## Work instructions
Below are records with pictures. Reproduce exactly the lines from the line with "4年生が体育でキャッチバレー" to the line with "Cancer 36 |", inclusive, and leave each picture out.
= Beginning of Section =
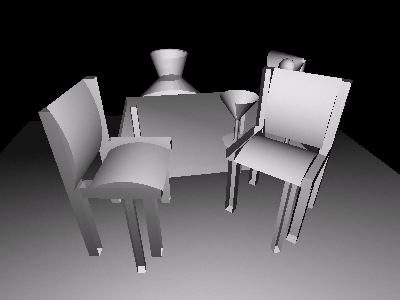 Observe que a transição entre a parte iluminada pela fonte de luz pontual para a parte iluminada pela luz spot apresenta um efeito de serrilhado. Modifique o refinamento da malha que define o chão e o tampo da mesa e observe como esse efeito depende da resolução da grade. Observe também que a luz spot ilumina incorretamente a parte do chão que está embaixo da mesa. Por que ocorre esse efeito? O que poderia ser feito para consertar esse problema?
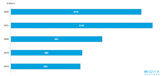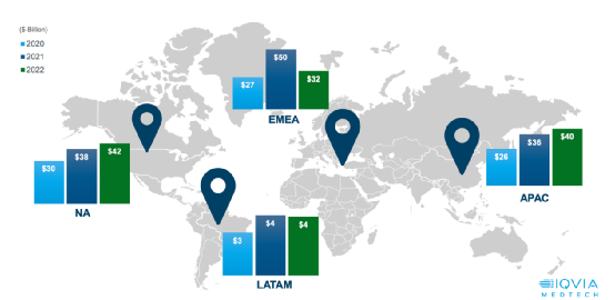 IQVIA在ADLM 2023国际市场大会上发布了最新的全球IVD市场数据。根据数据,在经历了新冠以来的强劲增长后,2022年IVD市场的增长放缓,全球IVD市场规模为1180亿美元,相比前一年的1290亿美元下降了8.5%。 新冠疫情前,全球IVD的体量在2019年达到650亿美元,年复合增长率为4%左右。受新冠影响,2020到2022年市场波动较大,但整体仍保持高速增长,2022年整体体量约为1180亿美元。随着新冠检测需求的降低,IVD市场已经进入回调期,并预计于2023年完成回调。由于COVID-19导至市场放缓,2022年全球COVID相关产品营收为410亿美元,较2021年减少了21%。而非COVID-19相关产品的营收则保持平稳。  2022年,全球大多数地区在都实现了健康增长,但由于COVID-19诊断产品的需求和采购量放缓,欧洲、中东和非洲地区的IVD销售总额出现了明显下降。2022年亚太地区的IVD销售总额达400亿美元,相比前一年实现了11.11%的增长。纵观一些大的头部企业,罗氏、迈瑞和希森美康在主要核心实验室市场的增长最为迅猛,凸显了跨国公司与亚太地区竞争对手之间的竞争关系。2022年,迈瑞在Heterogenous IA、临床化学及血液学领域实现了领先的增长态势,而罗氏则在Homogenous IA和尿液分析方面也达成了显著的增长。在细分领域上,IQVIA将市场分为五大块,分别是:床旁快检(POC)、中心实验室检测、病理、分子检测和糖尿病防控。2022年,POC、中心实验室检测和病理业务都处于增长中,而分子检测和糖尿病控制下行,均不同程度受到新冠趋势的影响。虽然传染病快速检测和即时免疫分析领域的表现不佳,但DAT快速检测、内分泌快速检测、门诊化学检测、血气分析、即时HbA1c分析等领域都实现了正增长。2022年北美地区CGM市场份额占血糖监测市场的77%,西欧地区CGM市场份额也达到69%。由于糖尿病患者对CGM设备的认知度提高、报销范围扩大和技术倾向增强, BGM在发达地区(如北美和西欧地区)的市场份额将继续加速萎缩。相反,IQVIA预计新兴市场(如亚太地区和拉美及加勒比海地区)将保持BGM的市场份额,原因是患者基数不断增长,诊断和治疗率提高,而 CGM 技术的普及速度较慢(因为普遍报销不足、自付费用较高和人均收入较低)。2022年,亚太地区和拉美及加勒比海地区的CGM市场占比分别为22%和10%,而BGM在这两个地区的市场份额分别达到78%和90%。新冠的POC市场迅速回调,新冠之外的POC技术和产品市场机会增多,医生办公室、药房、各类诊所、急救中心及各类养老和护理机构等各个检测点均会快速增长,也预示着POC市场放量的巨大潜力,主要包括心血管代谢相关、非新冠的呼吸道检测和性病检测类产品。全球IVD产业由新冠带来的波动,预计在2023年会迎来触底。商业上,疫情后行业收购和并购浪潮中也会出现更有竞争力的玩家,引领行业的发展和加入全球的竞争中。疫情前,整体医疗器械出海的增速约25%左右。疫情加速了整体医疗器械的出海。其中,IVD占整体医疗器械出海的15~20%。根据IQVIA预测,未来IVD的出海依然可以保持约12%的增速。出海进程较快的产品包括:分子诊断、POC和中心实验室的免疫检测。其他如中心实验室的生化检测和微生物检测,出海的进程相对较慢。决定出海的核心因素主要有两点:一是需求,二是难度。出海进程较快的产业都属于需求强,且出海难度低。而出海进程慢的产业,虽然也有一定的需求,但是通常难度比较高。在出海模式上,IVD公司出海分为三类:原材料/试剂出海、产品出海和服务出海。原材料的出海的模式是和科研机构和大厂合作,出海目的地以欧美市场为主。产品出海方式主要以经销和直销为主,经销/贸易型出海一般需要经过“选培育优”四个阶段,关键是找到靠谱的经销商。而直销模式中,直销国家的选择和评估是关键,比如美国,加拿大等30多个被认证为本土化出海潜力国家。服务出海,目前还是以LDT模式为主。出海目的地也因科研还是医疗市场而不同。科研市场上,已经打入北美欧洲日本等高端市场;但在医疗市场上,主要还是进入与国际上与我国联系密切的国家和地区,比如一带一路国家和地区。 根据IQVIA的报告,总体而言IVD市场前景看好,除去COVID-19相关销售的影响,预计IVD市场在未来五年将以+4%的复合年均增长率增长。
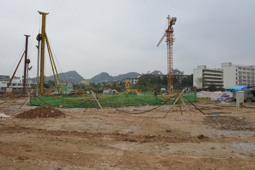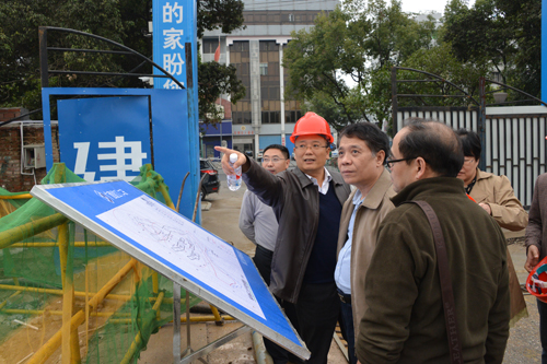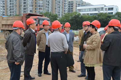 杨林组长一行首先在周国清副校长、王敦球副校长等的陪同下到留学生公寓项目建设现场进行了实地查看,详细了解整体规划、施工进度、质量安全等情况。
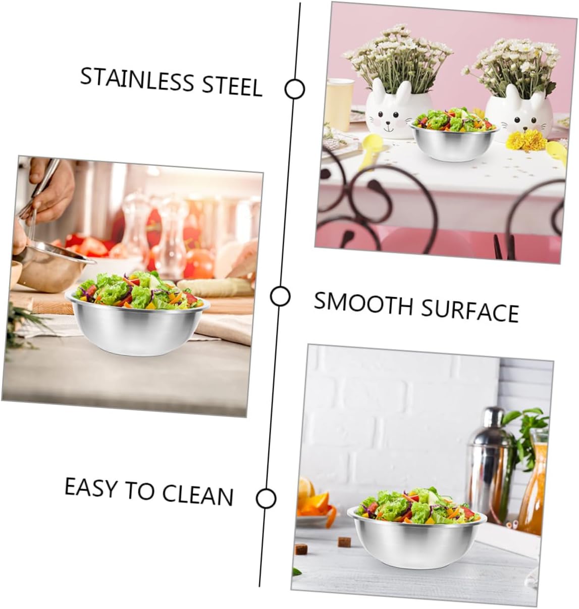 Package Include 1 x stainless steel mixing bowl 20cm 1 x stainless steel mixing bowl 22cm 1 x stainless steel mixing bowl 24cm 1 x stainless steel mixing bowl 26cm 1 x stainless steel mixing bowl 28cm Characteristics -Material:Stainless steel dumpling filling mixing bowl -Size:28.00X28.00X9.00cm/11.00X11.00X3.54in Baking Mixing Bowl -Size:26.00X26.00X8.50cm/10.22X10.22X3.34in egg mixing bowl for baking -Size:24.00X24.00X8.00cm/9.43X9.43X3.14in Kitchen Mixing Bowls -Size:22.00X22.00X7.50cm/8.65X8.65X2.95in Mixing Bowls For Egg -Color:Silver kitchen round basin -Size:20.00X20.00X7.00cm/7.86X7.86X2.75in stainless mixing bowls -Stainless steel mixing bowl with smooth surface, easy to clean. Simple design, practical for use. stainless steel mixing bowl -The kitchen mixing bowl is not easy to break or deform, and it can be used for a lasting time stainless steel bowl. -The food mixing bowl is very easy and convenient to clean, bring much convenience to you metal bowls mixing. -Deep bowl for mixing without any splash and can store more food at one time, keeping your kitchen neat Bowl For Kneading Dough. -The size is suitable for daily using, as much as you're mixing all your favorite snacks and foods stainless steel bowl for mixing.Goods InformationMixing would be a nice helper for you.kneading dough bowl for holding salad, noodle, soup, mixing egg, rice, etc.stainless steel bowl Are you looking for a multi-functional mixing bowl for your kitchen? The bowl is designed sturdy and designed to your kitchen cooking experience.mixing bowls stainless steel With fine crafted details, not easy to wear and tear, very practical in use
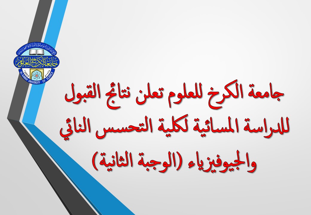 جامعة الكرخ للعلوم تعلن نتائج القبول للدراسة المسائية لكلية التحسس النائي والجيوفيزياء (الوجبة الثانية)
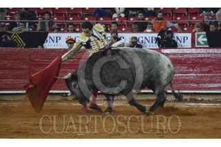 CIUDAD DE MÉXICO, 04DICIEMBRE2016.- Juan Pablo Sánchez ejecuta con la muleta durante la corrida en la Plaza de Toros. FOTO: GABINO ACEVEDO /CUARTOSCURO.COM
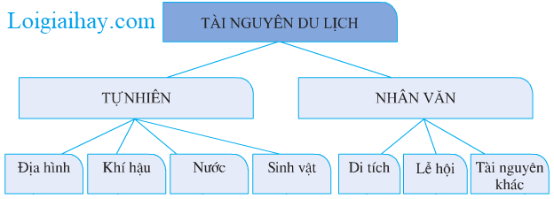 Hoàn thiện sơ đồ sau, thể hiện các loại tài nguyên du lịch ở nước ta:
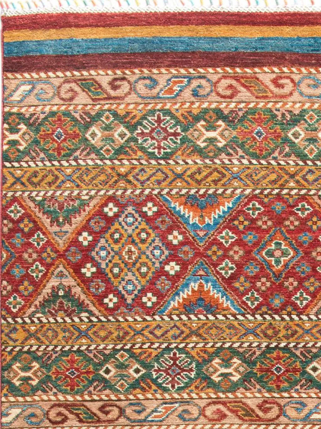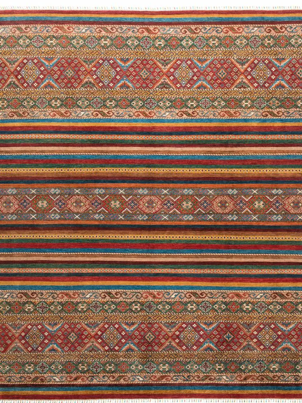 -Muster sind bunte Längsstreifen mit vielen verschiedenen Motiven gefüllt. Durch den flachen und festen Flor ist der Teppich unempfindlich gegenüber den Belastungen des Alltags.- Das Besondere an diesemOrientteppich
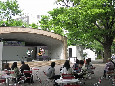 今週前半は「リラ冷え」そのままに小雨交じりの寒い日が続きました。日曜日には雪が降った地方もある北海道ですが、本日は久しぶりに雨の心配がなさそうなので、昼下がり会場へ足を運んでみました。大通公園のライラック祭りは、西5丁目~西7丁目の3会場成り立っています。色々な「体験コーナー」主体な西5丁目会場、西6丁目会場ステージでは市内のミュージシャンが演奏していたり。
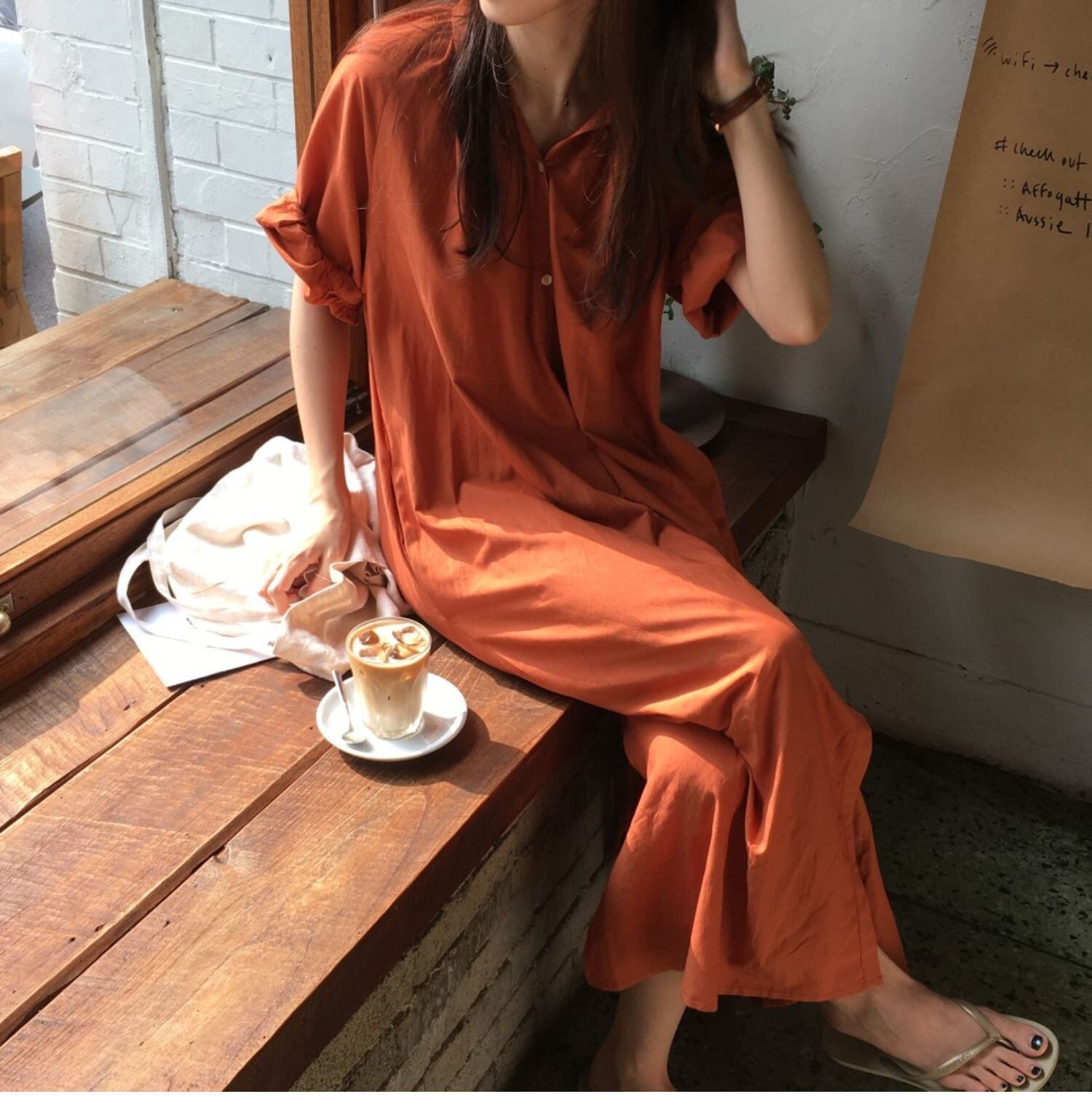 insフレッシュ酸素シャツドレス夏無地プリーツカラー半袖シャツカジュアルロングスカート サマー 夏物 ソリッドカラー TB2-3 TB2-354508640356
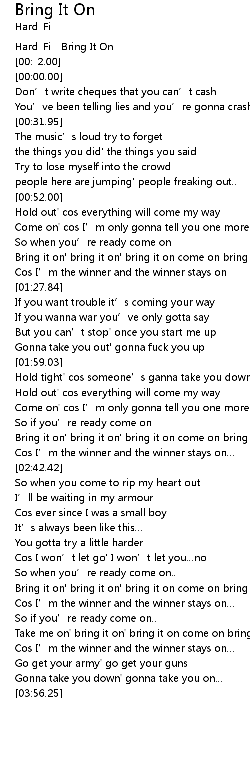 | [02:29.44] | Bring it on' bring it on' bring it on come on bring it on |
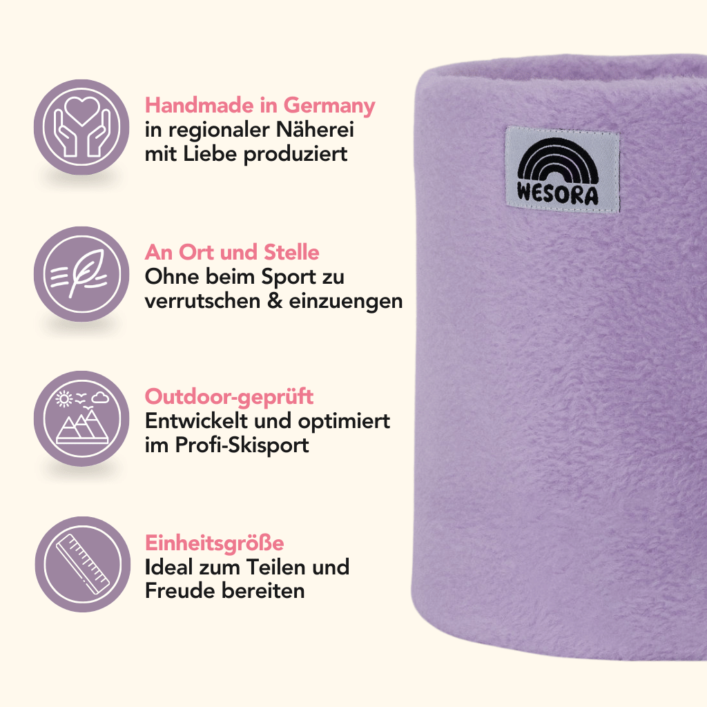 WESORA Dreamy Lilac Uni Neckwarmer in verträumtem Lila, gefertigt aus doppellagigem Polar Fleece
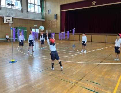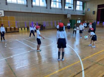 4年生が体育でキャッチバレーボールをしています。サーブレシーブ、トス、アタックのかわりにボールをキャッチします。3回キャッチして相手コートに返します。また、サーブも投げます。ゲームを重なっていくうちにルールを変更します。
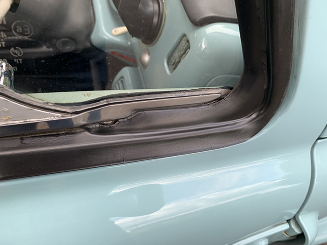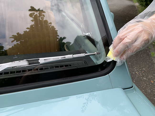 続いて、三角窓のあるサイドウインドウのモールも同じ手順で施工いきます。
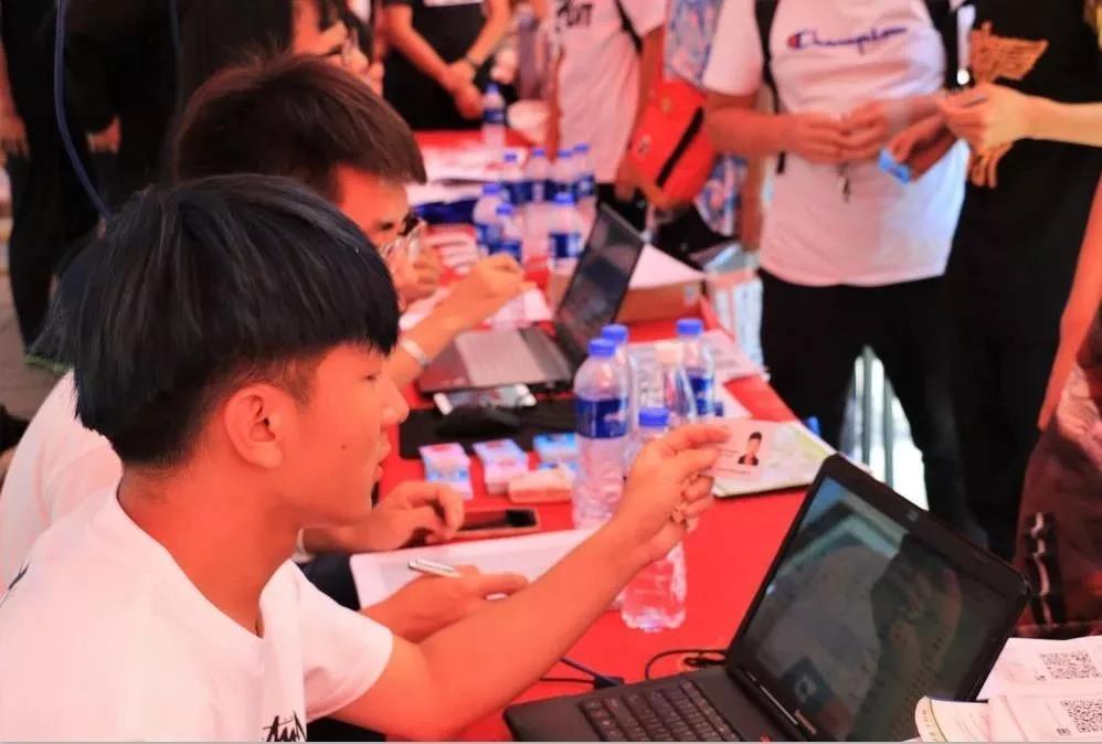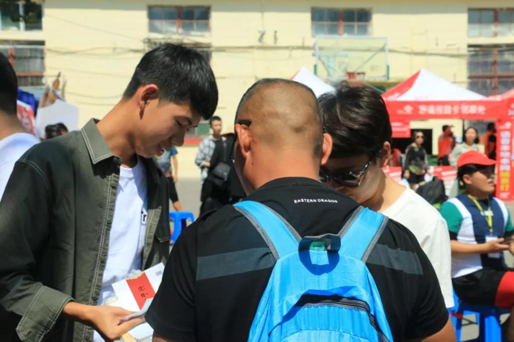 才刚过六点半,就有许多新同学和家长一起,提着大包小包的行李前来报道了。我们的工作人员早已做好迎接新同学的准备,一卡通、住宿证… …一切证件都已备齐,丝毫不会遗漏任何东西。在大本营的帐篷上,贴有新生家长群和金沙 公众号二维码以及班主任联系方式,工作人员耐心细致地指导家长进行操作。
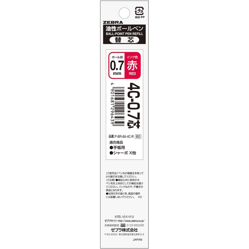 ゼブラ 4C-0.7 替え芯 赤 P-BR-8A-4C-R
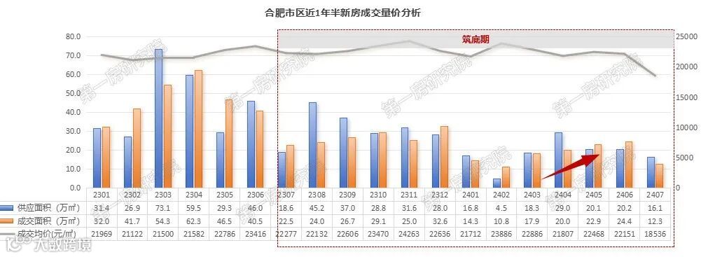 显性存量方面,近12个月合肥显性存量在203.6万㎡左右,按近12个月的月均去化计算,理论月均去化周期为6.9个月左右,月度去化周期呈上升趋势,但整体存量及去化周期相对可控。虽然近5个月市场成交量都在逐月增加,但1-7月的市场供应量大于成交量,因此去化周期在进一步拉长。
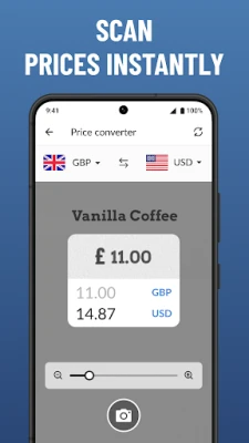 * Price converter. Instantly convert prices using your camera.
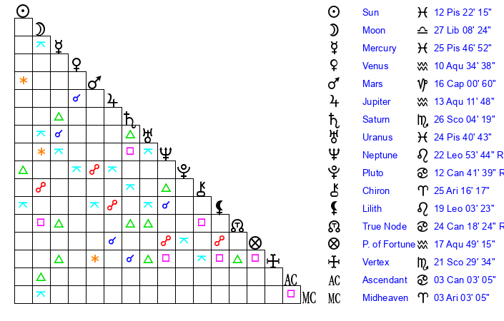| Pluto | 12 Cancer 42 | 2 Aquarius 57 | 13 Cancer 36 |
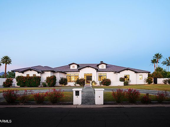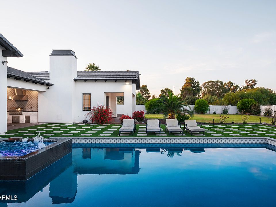 This one checks all the boxes; functional single level residence showcasing an enchanting blend of modern design and organic aesthetics. No expense was spared in its construction, resulting in a home adorned with high-end finishes and boasting impeccable craftsmanship throughout. You'll be greeted by an awe-inspiring foyer with soaring ceilings and unmatched design features. Floor-to-ceiling windows and sliding glass doors allow an abundance of natural light to cascade into the living spaces. The home's palette is carefully curated, embracing a soothing organic color scheme that enhances the sense of tranquility. The split floor plan offers both privacy and positive balance, with the main living areas thoughtfully separated from the luxurious bedrooms and private retreats. See MORE. The spacious and open concept kitchen is a culinary enthusiast's dream, featuring top-of-the-line appliances, sleek countertops, and high-end cabinetry, effortlessly flowing into the elegant dining area and inviting main living room. The lavish primary suite conveniently connects to the Laundry, all other remaining bedrooms are equally impressive and spacious, each boasting their own en-suite bathroom, and centered around flex space/media room, ensuring utmost comfort for family and guests. If needed, the stunning home office could be utilized as a 5th bedroom. The resort style backyard offers an abundance of green space, mountain views, sparkling pool and spa, a covered patio with a built-in barbecue, and provides ample space for gatherings. This gorgeous luxury home truly exemplifies the pinnacle of refined living. Just minutes from Old Town Scottsdale and the Kierland Commons, the location couldn't be any more perfect. Easy to preview, may not last long.
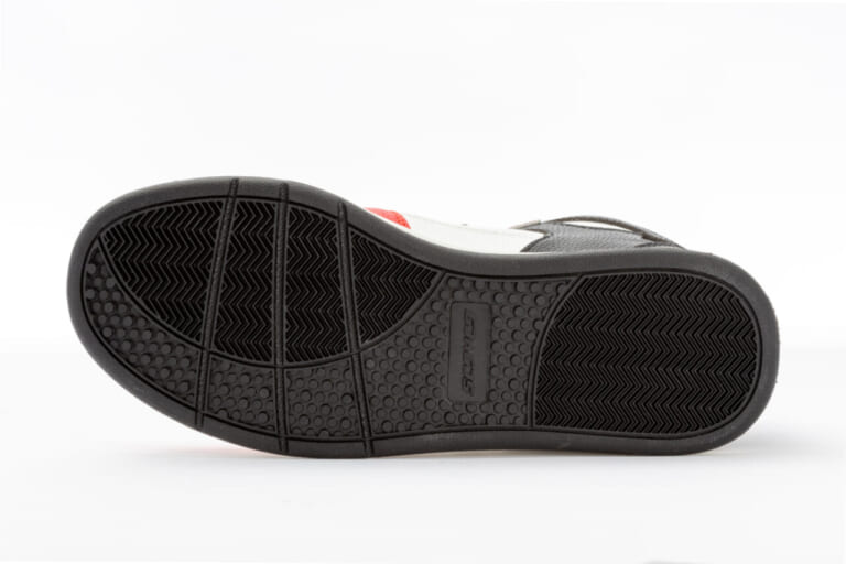 アウトソールはフラット形状とし、ステップに引っかかりにくい設計とした。シフトチェンジやリアブレーキ操作をスムーズに行えるのはもちろん、足をステップ上で動かす際のストレスも少ない。バイク用としての基本を押さえた仕上がりだ。
= End of Section =
## Task output
 4年生が体育でキャッチバレーボールをしています。サーブレシーブ、トス、アタックのかわりにボールをキャッチします。3回キャッチして相手コートに返します。また、サーブも投げます。ゲームを重なっていくうちにルールを変更します。
 続いて、三角窓のあるサイドウインドウのモールも同じ手順で施工いきます。
 才刚过六点半,就有许多新同学和家长一起,提着大包小包的行李前来报道了。我们的工作人员早已做好迎接新同学的准备,一卡通、住宿证… …一切证件都已备齐,丝毫不会遗漏任何东西。在大本营的帐篷上,贴有新生家长群和金沙 公众号二维码以及班主任联系方式,工作人员耐心细致地指导家长进行操作。
 ゼブラ 4C-0.7 替え芯 赤 P-BR-8A-4C-R
 显性存量方面,近12个月合肥显性存量在203.6万㎡左右,按近12个月的月均去化计算,理论月均去化周期为6.9个月左右,月度去化周期呈上升趋势,但整体存量及去化周期相对可控。虽然近5个月市场成交量都在逐月增加,但1-7月的市场供应量大于成交量,因此去化周期在进一步拉长。
 * Price converter. Instantly convert prices using your camera.
| Pluto | 12 Cancer 42 | 2 Aquarius 57 | 13 Cancer 36 |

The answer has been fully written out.